Individuals living in areas where helminths are endemic often carry more than one species of worm infection; egg output for an individual helminth species is often higher in individuals carrying mixed infections than in individuals carrying single-species infections (3, 5, 20, 38, 45), which may reflect higher intensities of infection and so a higher risk of morbidity. Geographical and environmental factors are known to be of significance in facilitating this type of polyparasitism: for example, similarities in the transmission pathways for certain soil-transmitted nematodes are likely to account for some of the observed associations. However, significant associations have also been demonstrated between helminth infections that do not share obvious transmission pathways and some of these associations are not explained solely by household or environmental effects (20). Furthermore, the intensity of helminth infections alters the risk of multiple-species infection (20, 31, 45) indicating that immunological and/or genetic factors may be involved in regulating resistance and susceptibility to helminth-helminth coinfections. In order to investigate how a chronic helminth infection affects the establishment and outcome of a second concurrent helminth infection, we have used the mouse models of the gastrointestinal nematode Trichuris muris (the murine equivalent of human Trichuris trichiura [whipworm] infection) together with the trematode Schistosoma mansoni (a common human infection in tropical countries). Mice that fail to develop an early protective Th2 response against T. muris go on to develop long-term chronic infections (8). However, as the infection progresses beyond the chronic stage, the initial Th1 response is downregulated and a subsequent increase in Th2 response is seen (21, 22). Moreover, production of the regulatory cytokine interleukin-10 (IL-10) has been shown to be critical for host survival (43). Similarly, mice infected with S. mansoni respond with a Th1 response in the early phase of infection, switching to a Th2-dominated response once the adult worms commence egg production (41). Some of the eggs produced by the female S. mansoni worms are trapped in the microvasculature of the liver, where they induce a strong granulomatous response. Most of the pathology associated with S. mansoni infection in both humans and mice is caused by these granulomas.
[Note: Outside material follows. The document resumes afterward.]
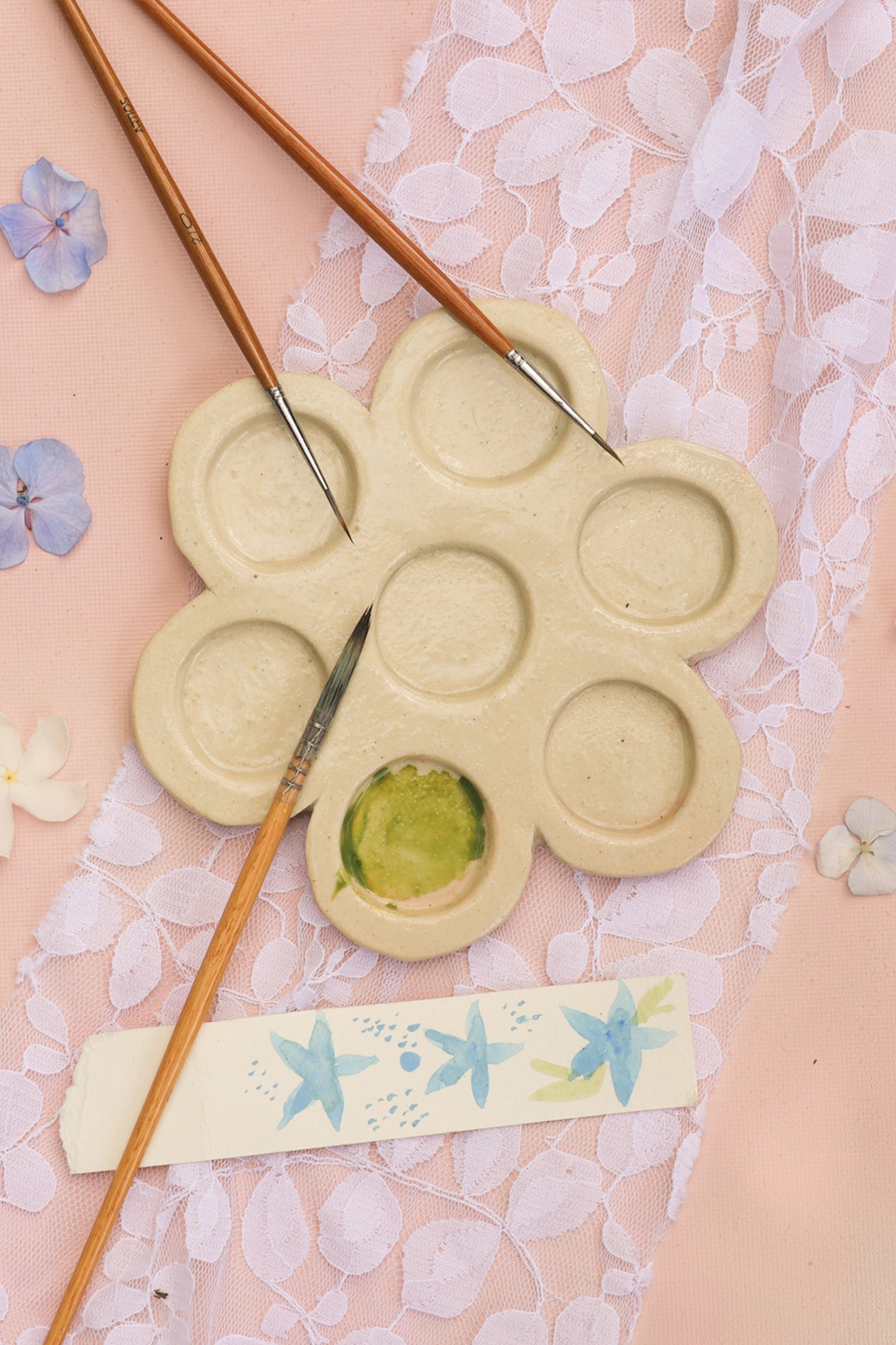 The ceramic palette is perfect for artists, professional painters, paint amateurs, art student and teachers, a great gift for your artist dost. Palette is made of eco-friendly stoneware clay, so it is very durable. Ideal for watercolour, gouache, acrylic, oil, tempera painting. These palettes are handcrafted and Hand painted by our artisans.

The data presented here demonstrate that mice with an established chronic T. muris infection and challenged with S. mansoni developed significantly higher S. mansoni worm burdens than mice without a concurrent T. muris infection. The higher S. mansoni burden resulted in significantly higher egg and granuloma burden in the liver. This is the first experimental demonstration that a chronic intestinal nematode infection can exacerbate S. mansoni infection.

MATERIALS AND METHODS

Animals and infections.

Six- to eight-week-old AKR mice were obtained from Harlan Olac, Ltd. (Bicester, United Kingdom). All experiments were performed under the regulations of the Home Office Scientific Procedures Act (1986). All experiments were performed at least three times. Experimental animals (5 to 10 per group) were infected with 150 embryonated T. muris eggs on day 0 by oral gavage and 40 days later infected with 50 or 200 S. mansoni cercariae percutaneously. Maintenance, infection, and recovery of the parasites were performed as described previously (17, 28). Briefly, S. mansoni worms were recovered by portal perfusion with perfusion buffer (phosphate-buffered saline with 0.02 U/ml heparin). The worms were washed free of erythrocytes and counted using a dissecting microscope. For estimation of the liver egg burden, livers were removed and weighed. Eggs were recovered by incubation of the tissue in 5% KOH overnight at 37°C, and the numbers of eggs in 50-μl aliquots were counted in triplicates. T. muris worms in ceca were counted under a dissection microscope.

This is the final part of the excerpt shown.